• PROVIDED ENTRIES:
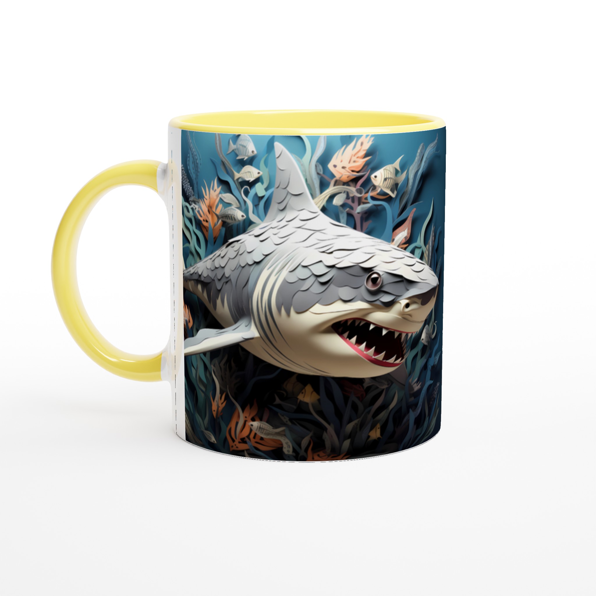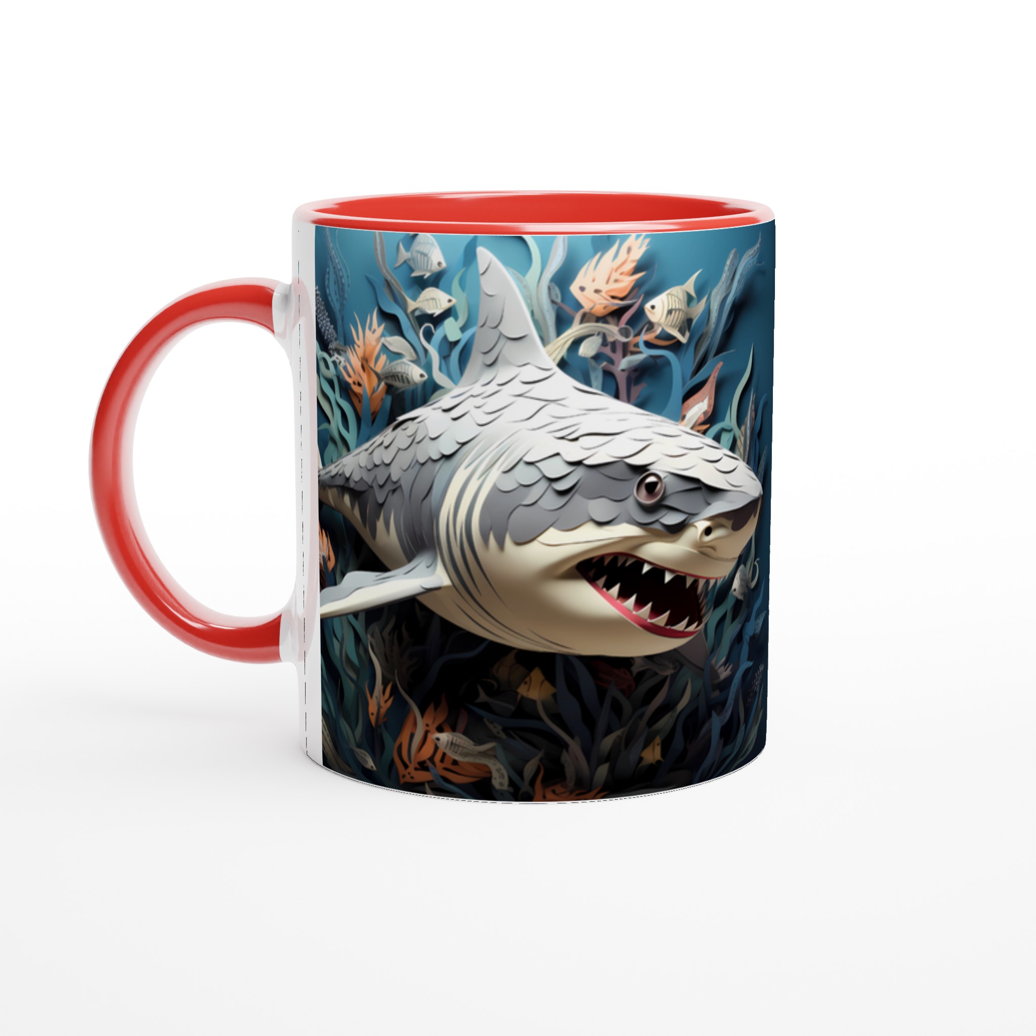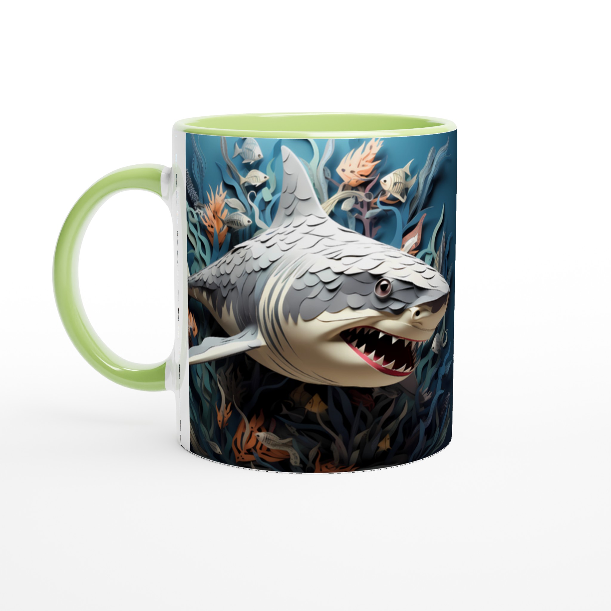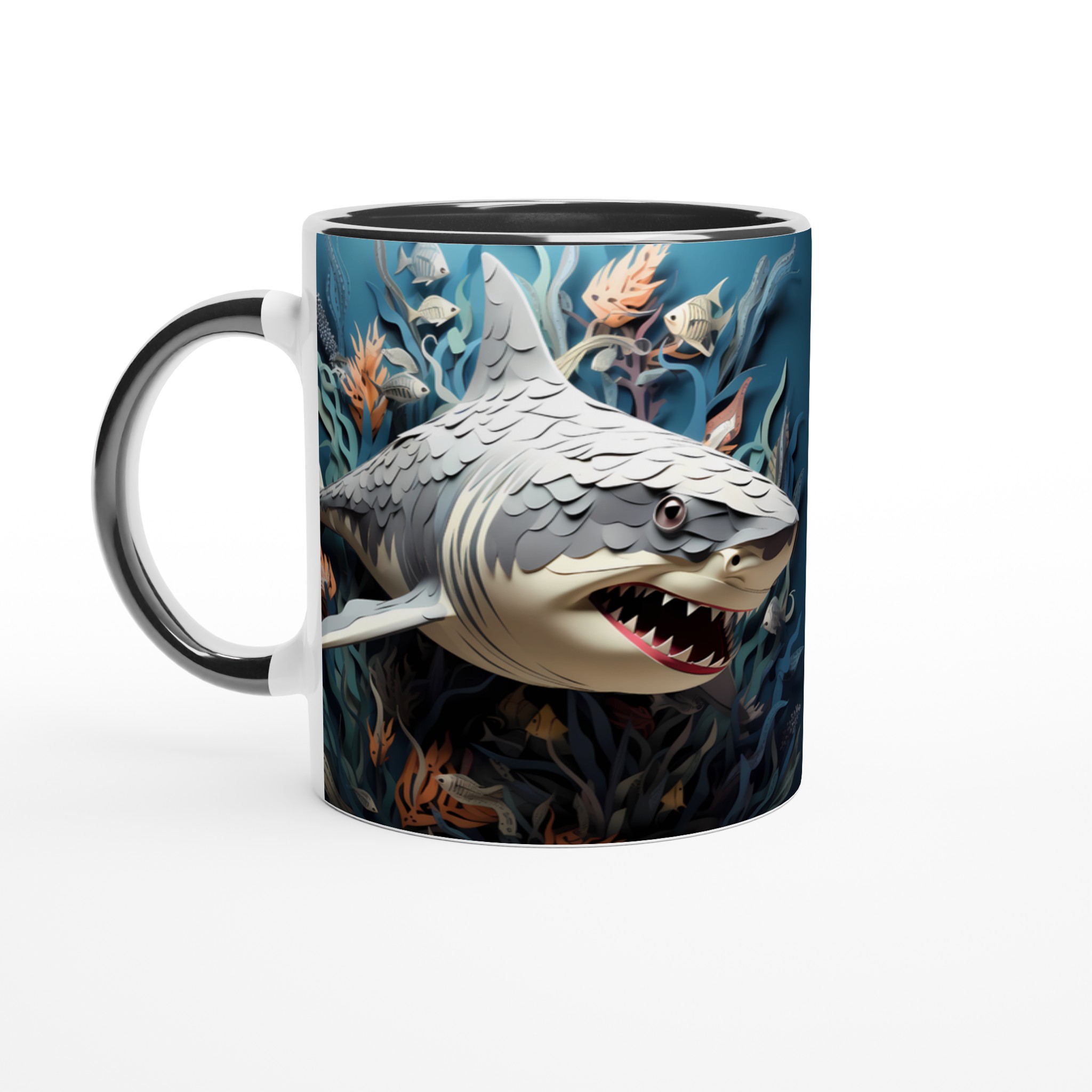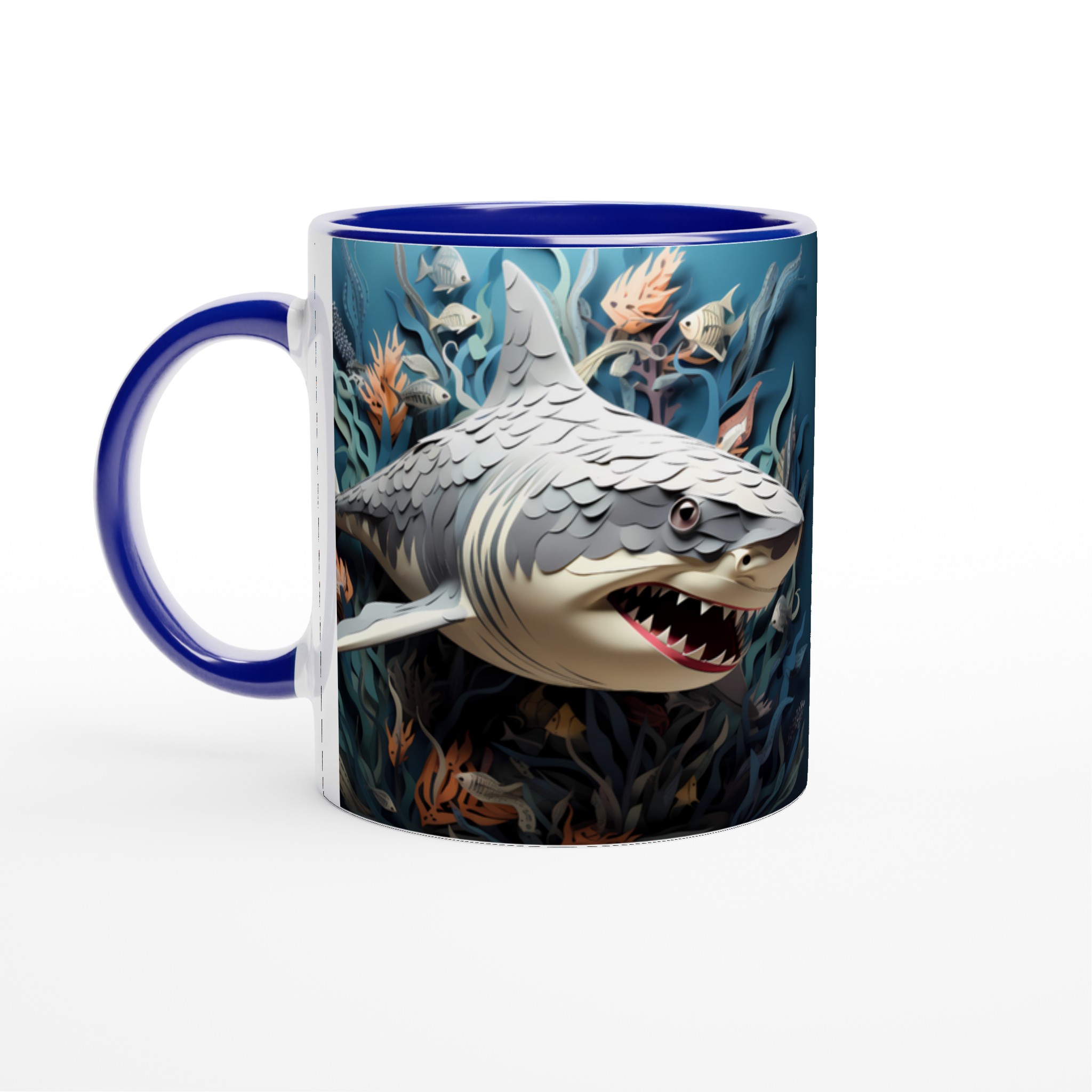 Dyk ner i havets djup med vår unika keramiska mugg, prydd med ett majestätiskt hajmönster i detaljerad papperskonst-stil. De mjuka grå- och krämfärgade tonerna på hajarna, mot en lugnande blå bakgrund med skira sjögräsdetaljer, skapar en konstnärlig och fängslande design. Den här stilrena keramiska muggen blir snabbt en vardagsfavorit. Perfekt för morgonkaffet, kvällens varma choklad eller när du bara vill njuta av en kopp te.
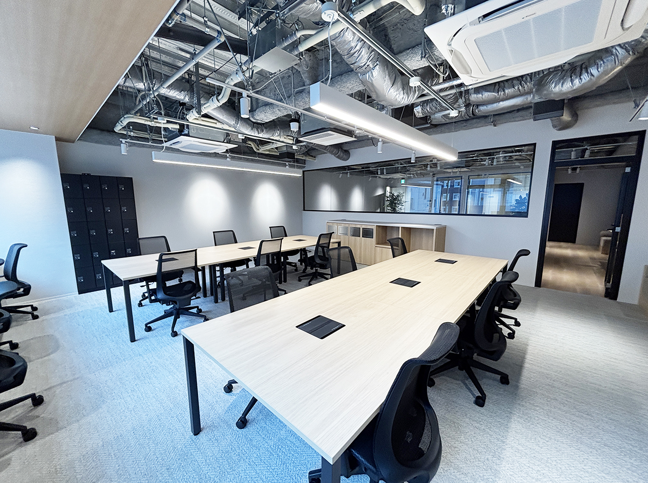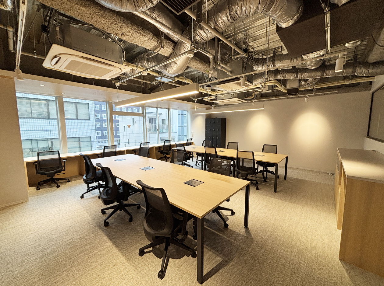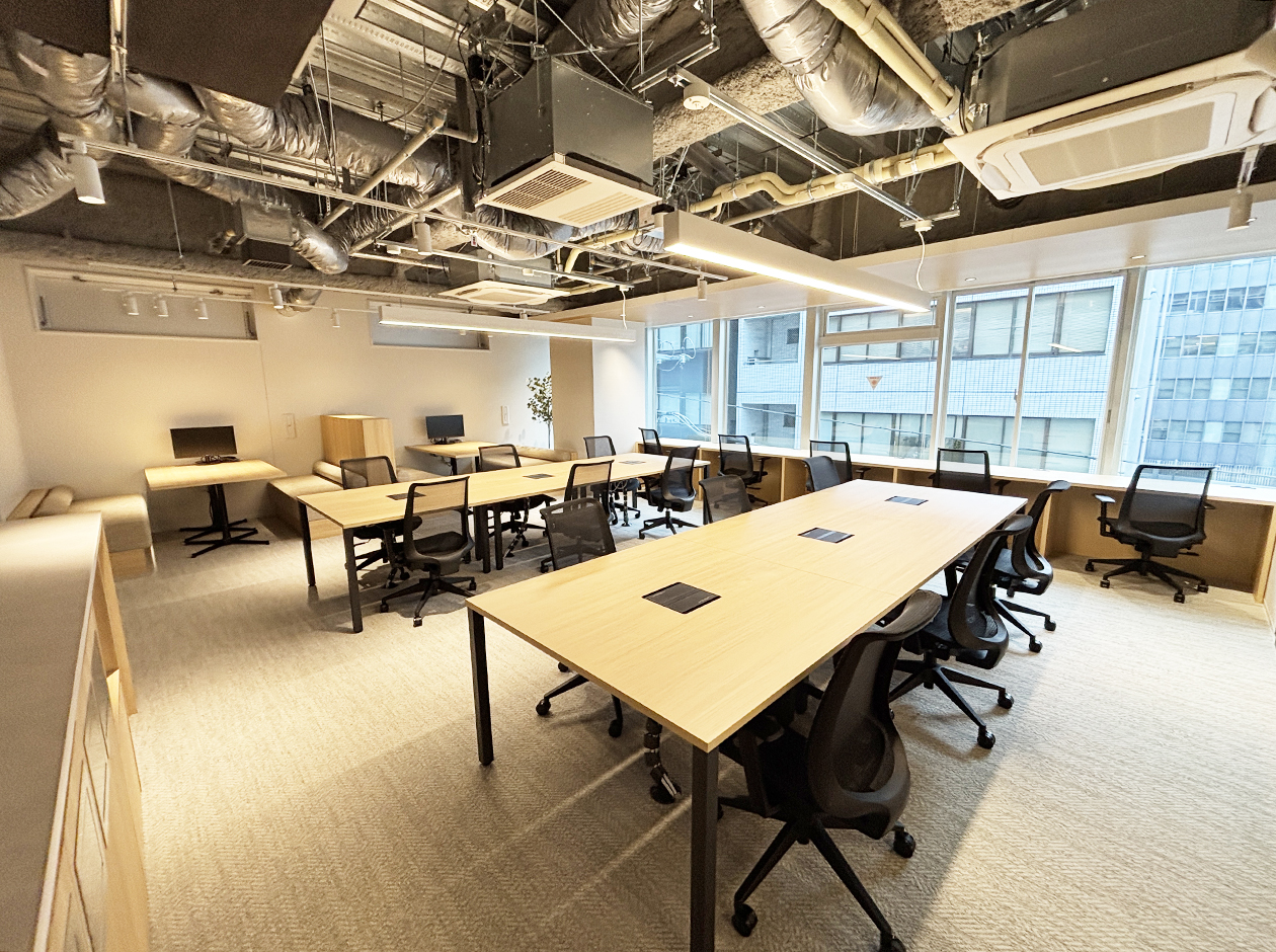 中央区・八丁堀エリアに位置する、内装什器付きのセットアップオフィスです。貸室内には、オープンエリア・6名用会議室・WEBブース・ファミレス席×2を設置予定で、充実の設備環境となっています。17名用の什器付きのため、初期費用を大幅に削減できます。男女別トイレを完備しています。
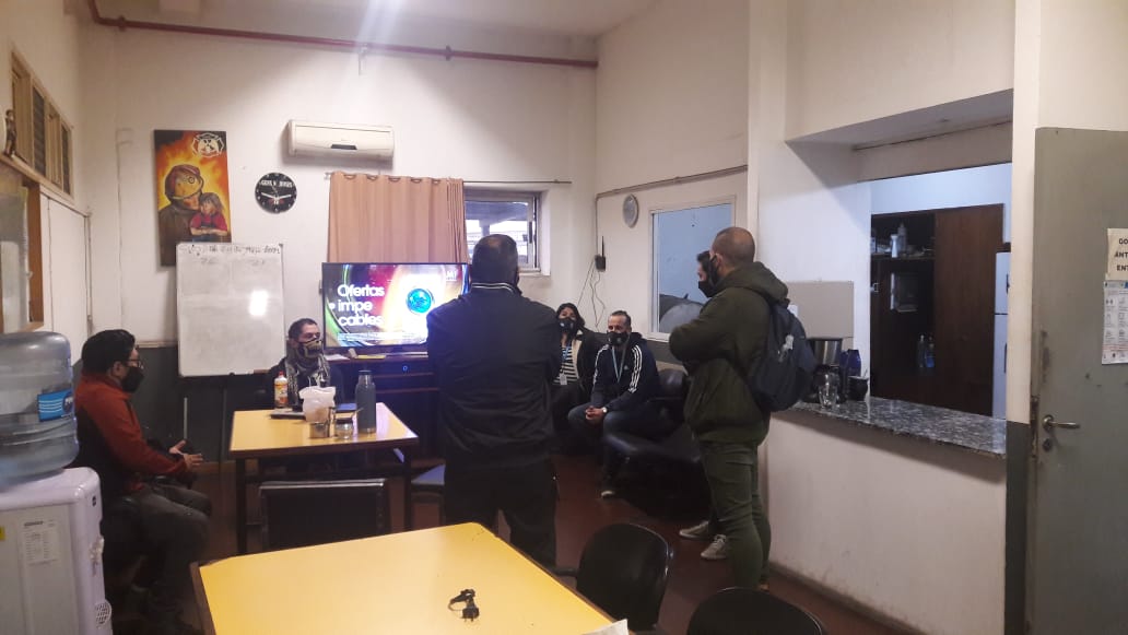 “Recorrida y Asambleas en el Aeropuerto Internacional de Córdoba visitando a la primera línea de Sanidad y Bomberos de la ANAC. Luego, reunión con el Jefe del Aeropuerto, Gustavo Bustos, para exigir la vacunación para las y los esenciales, ropa de trabajo y mejoras en las condiciones de Seguridad e Higiene Laboral”, expresó Giuliani en sus redes.
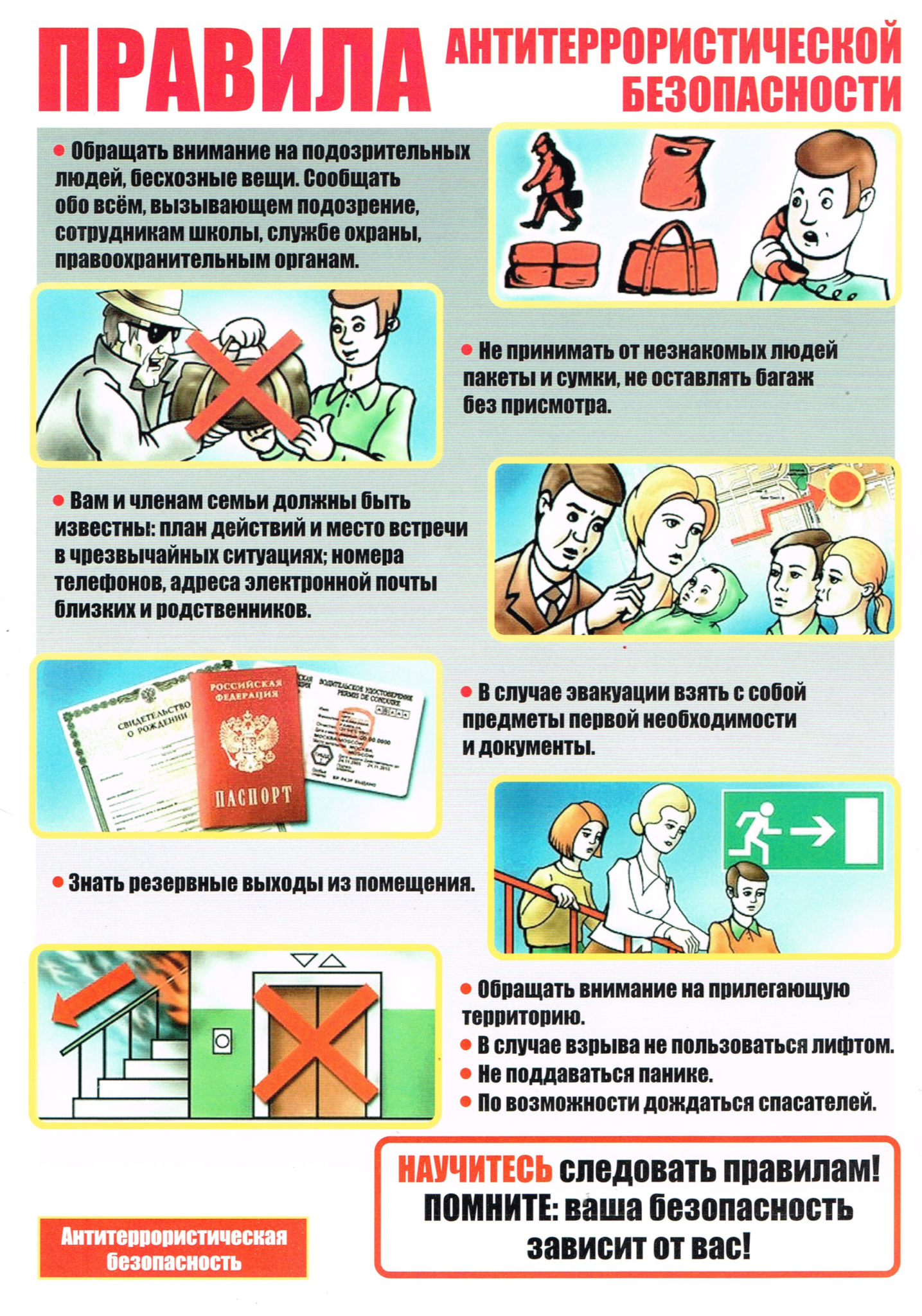 Обращайте внимание на подозрительных людей, предметы, на любые подозрительные мелочи. Сообщайте обо всем подозрительном сотрудникам правоохранительных органов.
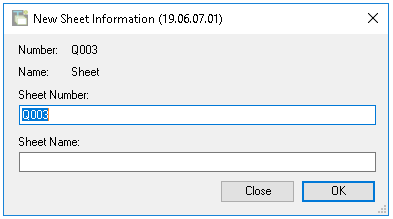 When a New Sheet is created in the model the user will be presented with a pop-up dialog to enter the Sheet Number and the Sheet Name before the Sheet has been created.
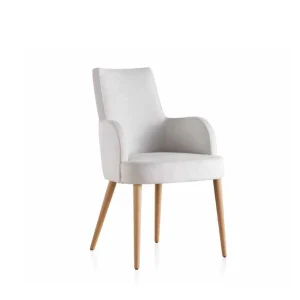 Silla tapizada con brazos redondeados y respaldo recto

• WHAT NEEDS TO BE DONE:
Restate exactly, and only, the lines from the one that holds "Обращайте внимание на" down to the last line of the material above. Omit the pictures.

• TASK RESPONSE:
 Обращайте внимание на подозрительных людей, предметы, на любые подозрительные мелочи. Сообщайте обо всем подозрительном сотрудникам правоохранительных органов.
 When a New Sheet is created in the model the user will be presented with a pop-up dialog to enter the Sheet Number and the Sheet Name before the Sheet has been created.
 Silla tapizada con brazos redondeados y respaldo recto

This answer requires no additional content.